Рука его поднята, и в ней свеча с бегущим пламенем. В этом мечущемся свете видит солдат маску Бетховена с застревающими среди завитков волос тенями.
В дальнейшем надо стараться вести эти записи все же так, чтобы получалось нечто законченное. Если этой законченности нет, то что же они представляют собой? Имеет ли интерес такая неоконченная запись? Что это? Зачем это? Просто блеск какой-то породы, жилы? И никто не идет дальше вдоль этого сиреневого зигзага, какого-то аметиста?
Маленькие гномы, которых поляки называют краснолюдками и о которых так хорошо писал Гейне, исполняли, по преданию, эту работу по находке и гранению камней. Они заняты были этим в Богемских горах. Они носили красные, синие, зеленые шапочки, у них были румяные, но немного в жилках, лица весельчаков и чревоугодников, длинные белокурые бороды при отсутствии усов. Иногда они отправлялись в какие-то непонятные людям шествия…
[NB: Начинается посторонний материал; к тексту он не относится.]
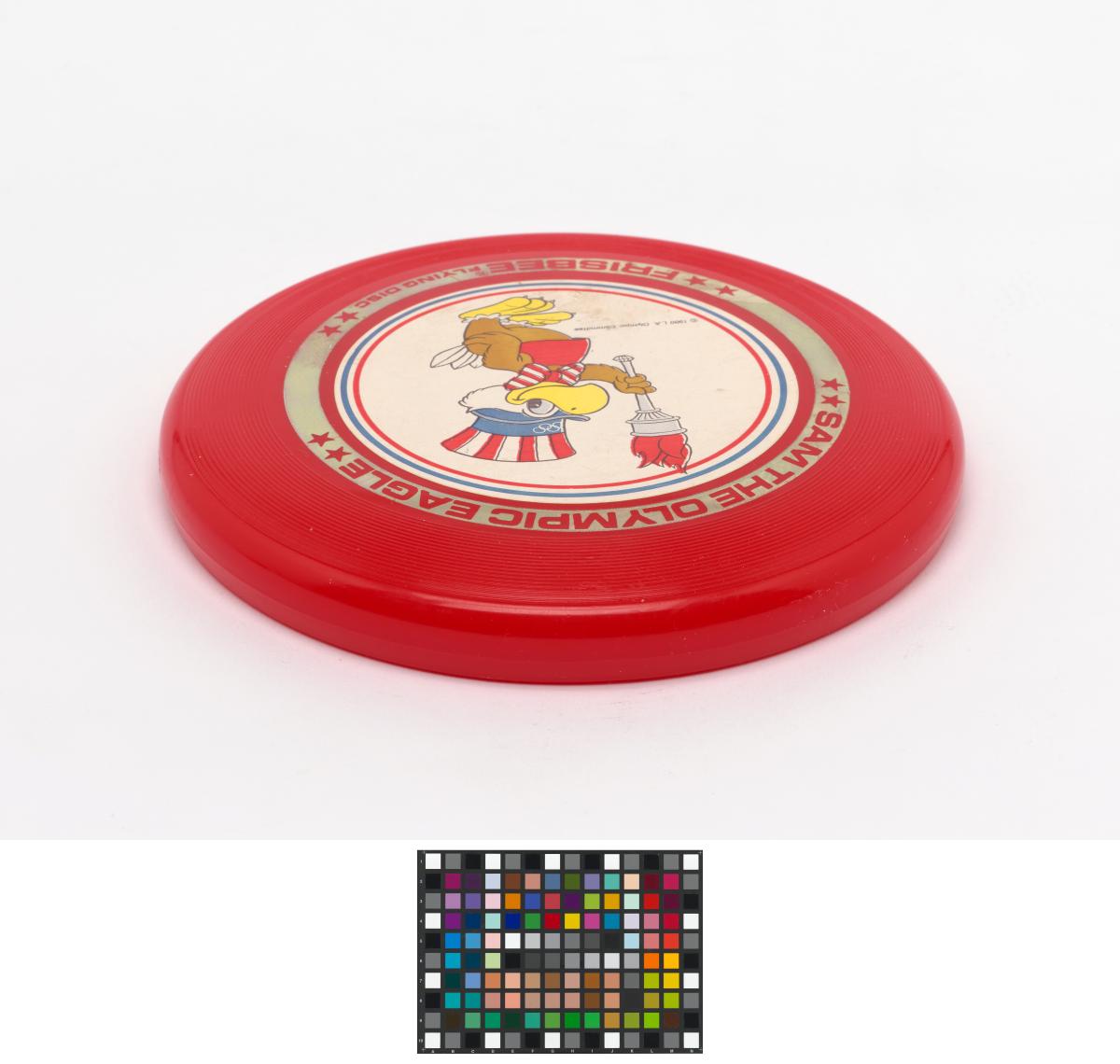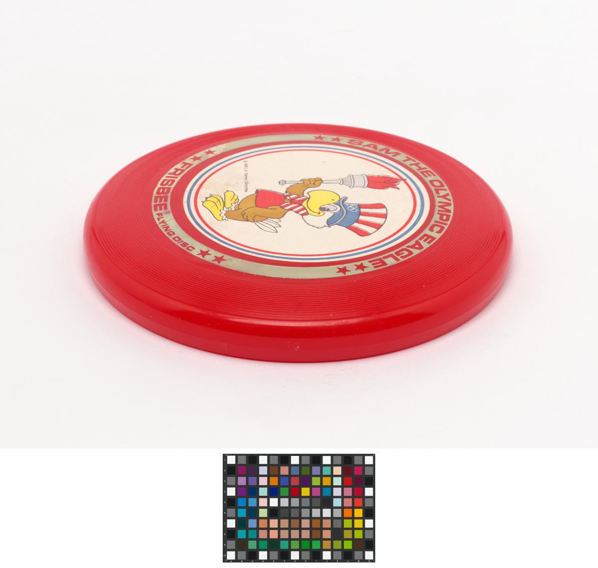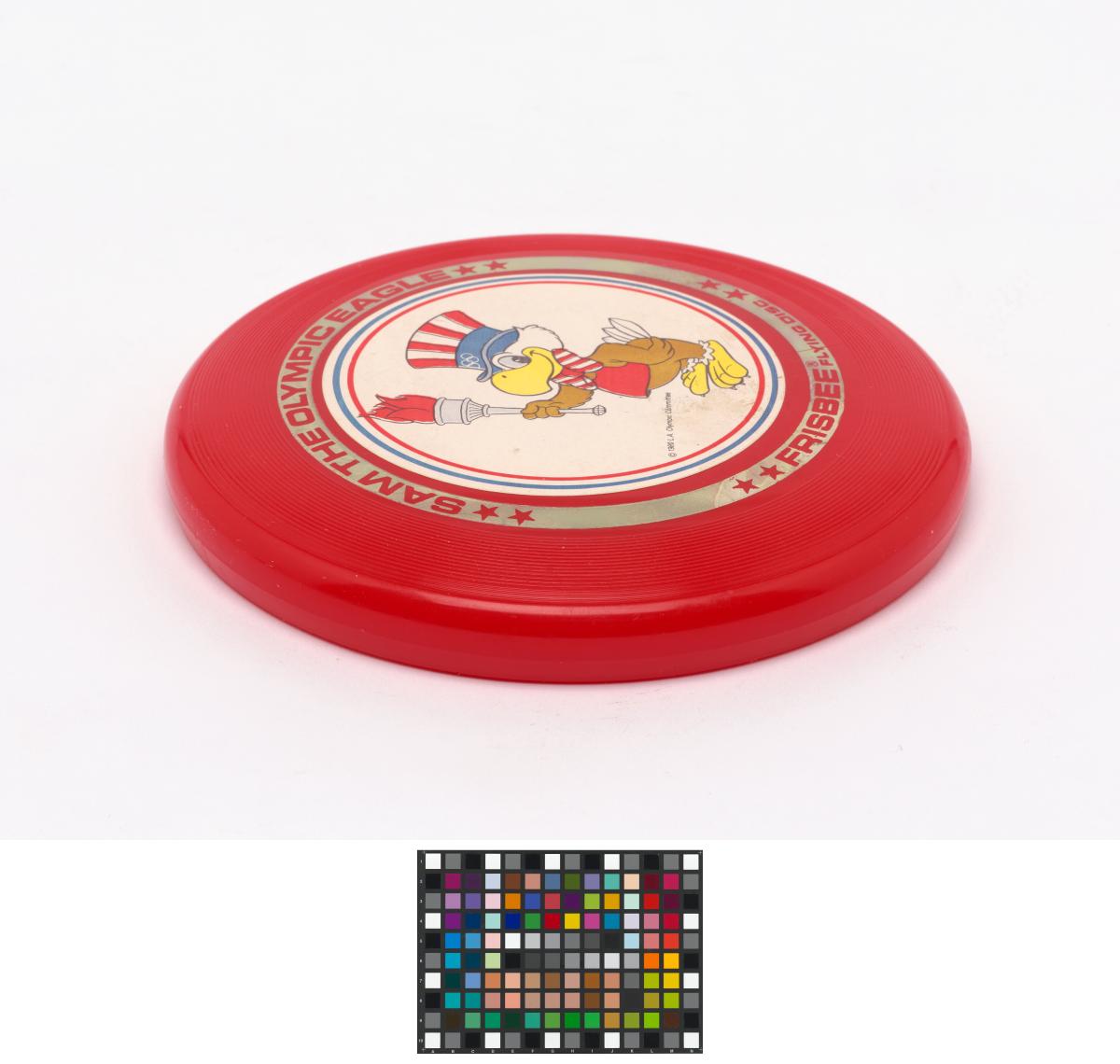 Légende: "Sam the Olympic eagle", "frisbee (flying disc)".
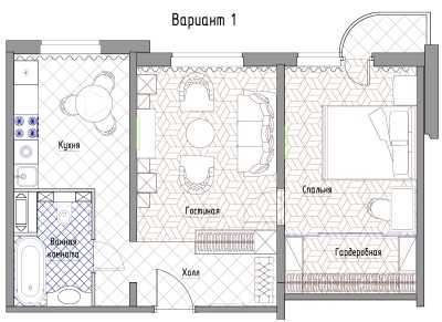 Вариант 2. Перепланировка 3-комнатной квартиры. Объединяем кухню и гостиную.
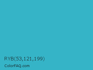 RYB 53,121,199 Color is a normal cyan color and the nearest color is Maximum Blue Green #30bfbf. Hex code #35b4c7 and RGB value is rgb(53,180,199). In RGB color space, this color is composed of 21% red, 71% green, 78% blue, In CMYK color space, this color is composed of 73% cyan, 10% magenta, 0% yellow , 22% black , In HSL color space, this color has a hue angle of 188° , 58% saturation and 49% lightness.
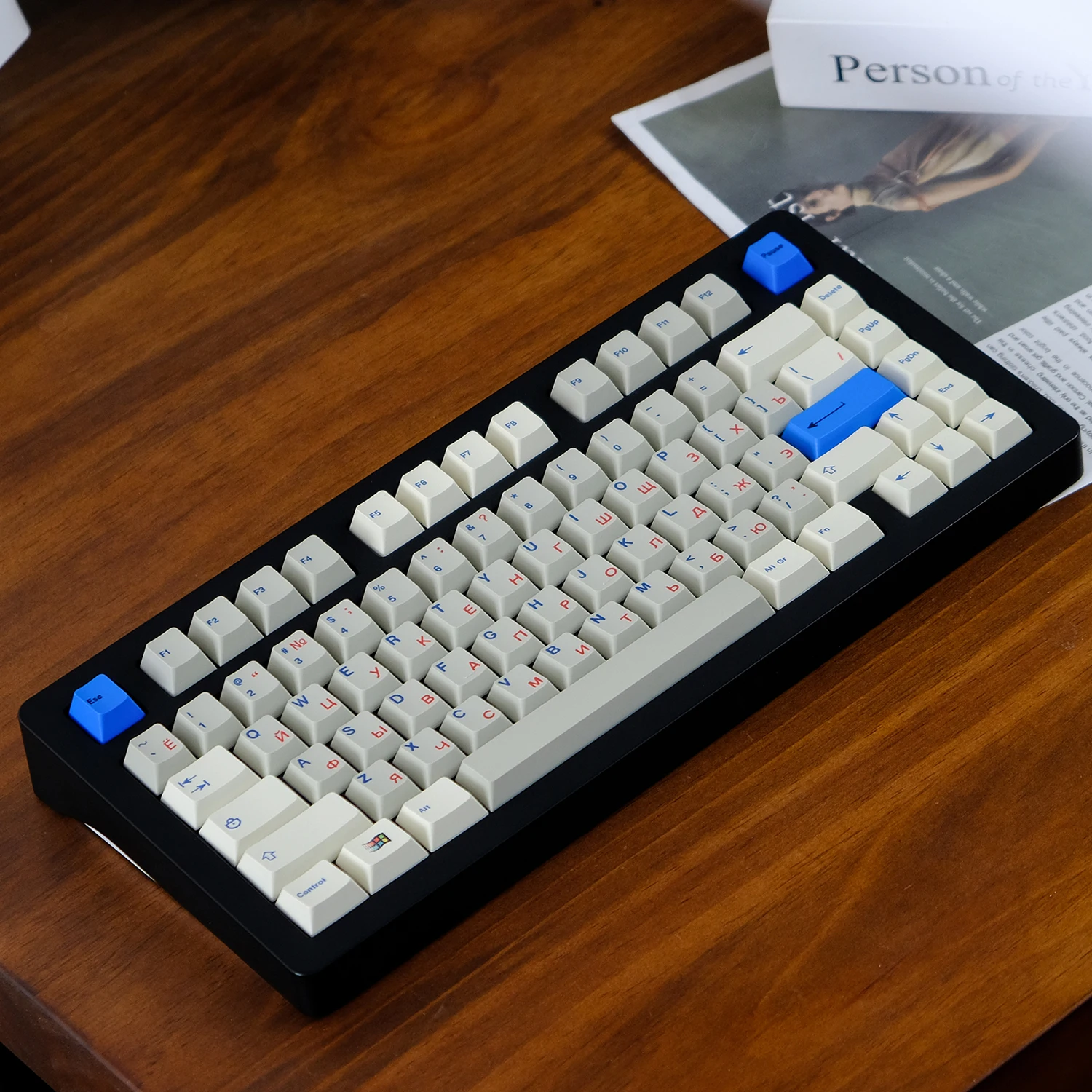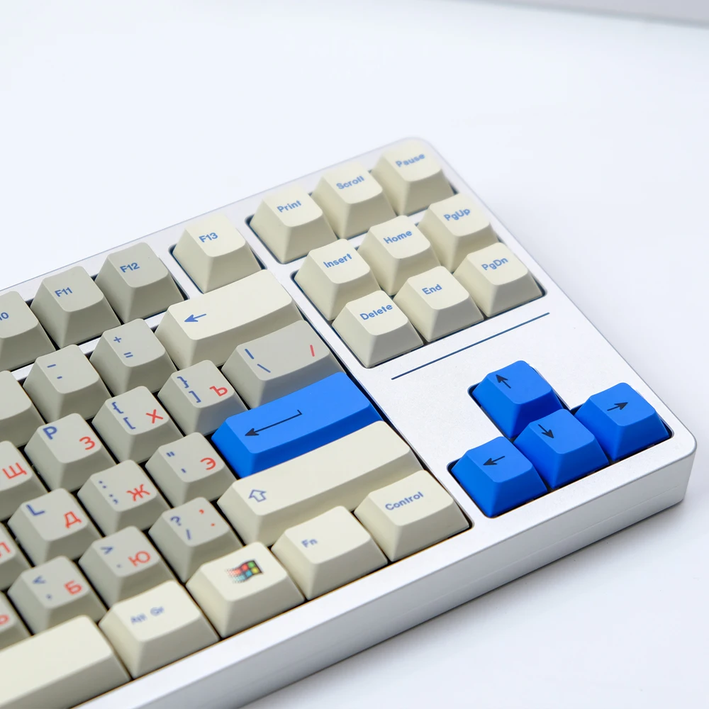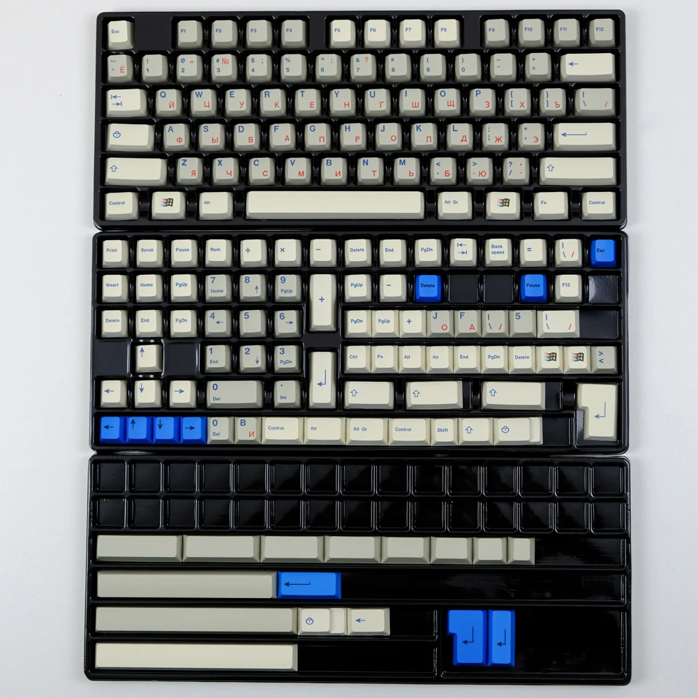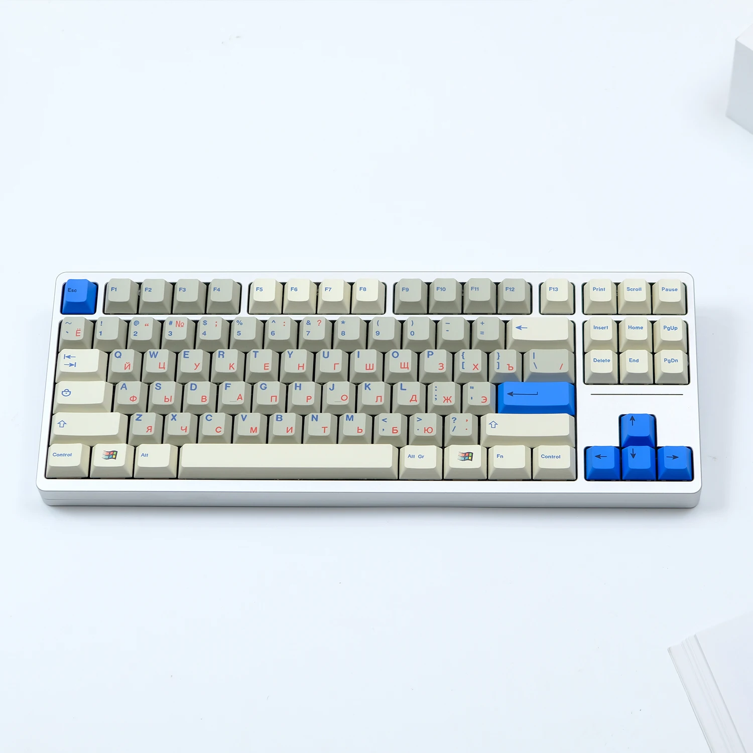 Comprar Teclas Retro grises, blancas, azules, rojas y rusas, perfil de cereza, tinte PBT, sublimación, Teclado mecánico MX Switch, 168 teclas
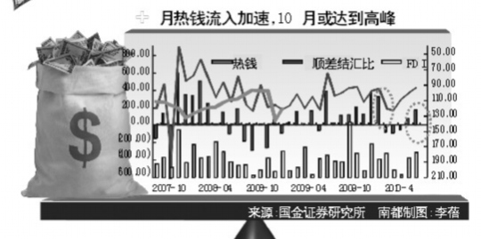 對(duì)熱錢推動(dòng)的流動(dòng)性充沛可以持續(xù)多久的問題,國(guó)金證券分析認(rèn)為,“全球流動(dòng)性充沛正成為中期問題。地產(chǎn)調(diào)控、升值預(yù)期的明確以及美元趨勢(shì)、熱錢的監(jiān)管加強(qiáng)使得熱錢流入速度在10月達(dá)到高峰后趨于緩和!眹(guó)內(nèi)的熱錢流入成為短期內(nèi)無法拒之門外的中期問題。預(yù)計(jì)11月份熱錢流入的增長(zhǎng)速度將轉(zhuǎn)緩,但是流動(dòng)性數(shù)量的轉(zhuǎn)折至少要到2011年2季度才能看到。
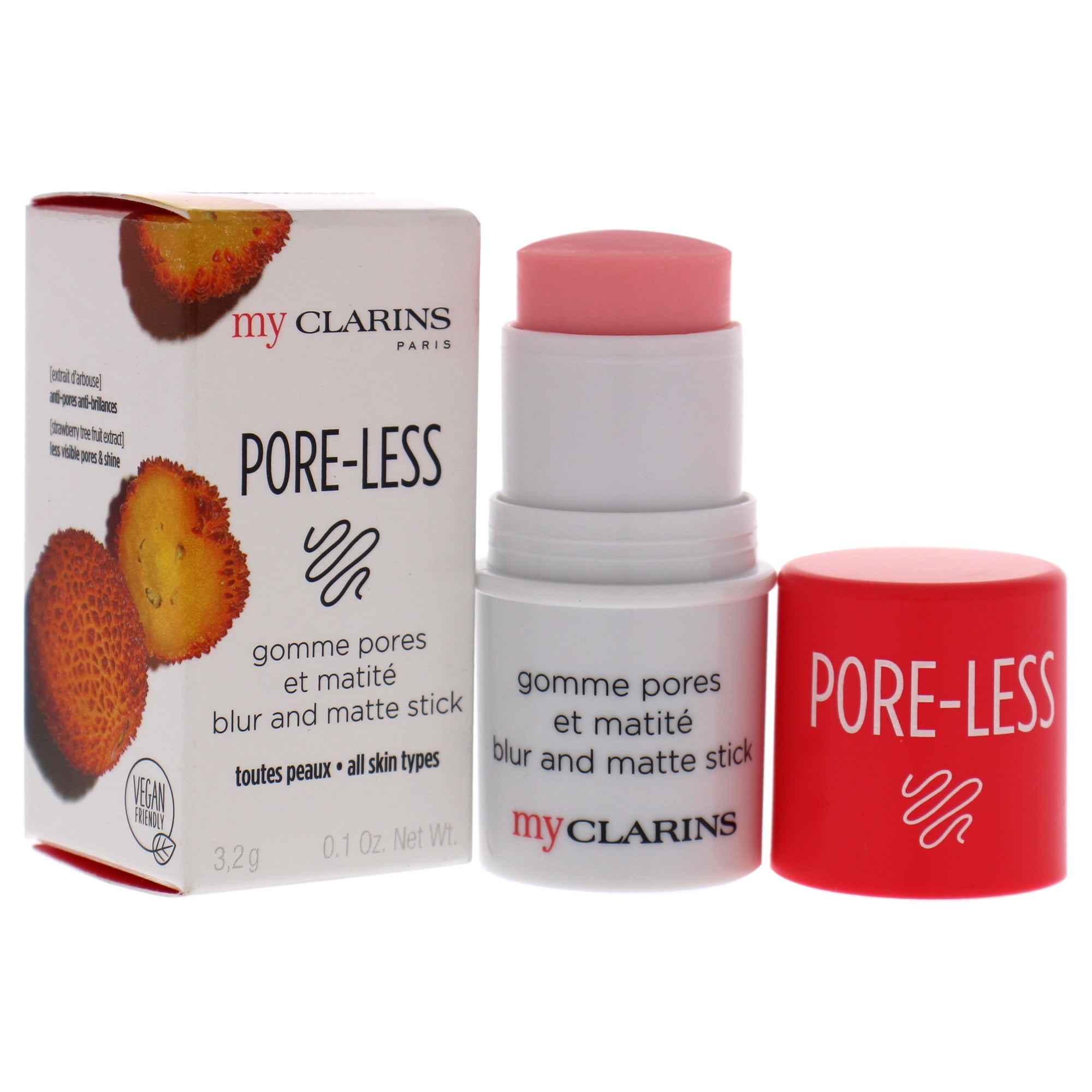 Design house: Clarins. Series: Pore-Less Blur & Matte Stick. Gender: Ladies. Category: Skin Care. SubType: Bases & Primers Stick. Beauty group: Face. Barcode: 3380810258288. A pale pink, oil-absorbing stick—with mattifying Organic Strawberry Tree Fruit extract—that blurs pores and takes down shine for a visibly smooth, matte complexion. Deliciously scented with notes of cotton candy, it glides over skin with a clear finish. Bring with you on the go for easy, targeted touch-ups throughout the day. Clarins Ladies Pore-Less Blur & Matte Stick Stick Skin Care 3380810258288.
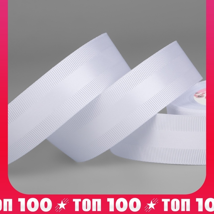 Лента декоративная, репсовая/атласная, 25 мм, 18 ± 1 м, цвет белый №001

Гейне пишет, что, по сохранившимся свидетельствам, гномы довольно охотно общались с людьми и производили самые разнообразные волшебства, полезные для людей. Разрыв между людьми и краснолюдками произошел не по вине последних; наоборот, виноваты как раз люди с их грубостью и эгоизмом. Например, гномы пришли однажды посмотреть на какой-то праздник в деревне; они уселись на длинной ветке дерева – все в ряд – и смотрели на праздник. Кто- то из людей, какой-то грубый парень, подпилил ветку – и все краснолюдки упали вместе с ней под хохот деревни. Так постепенно охладели гномы к людям, которых прежде любили и которым служили своим волшебством.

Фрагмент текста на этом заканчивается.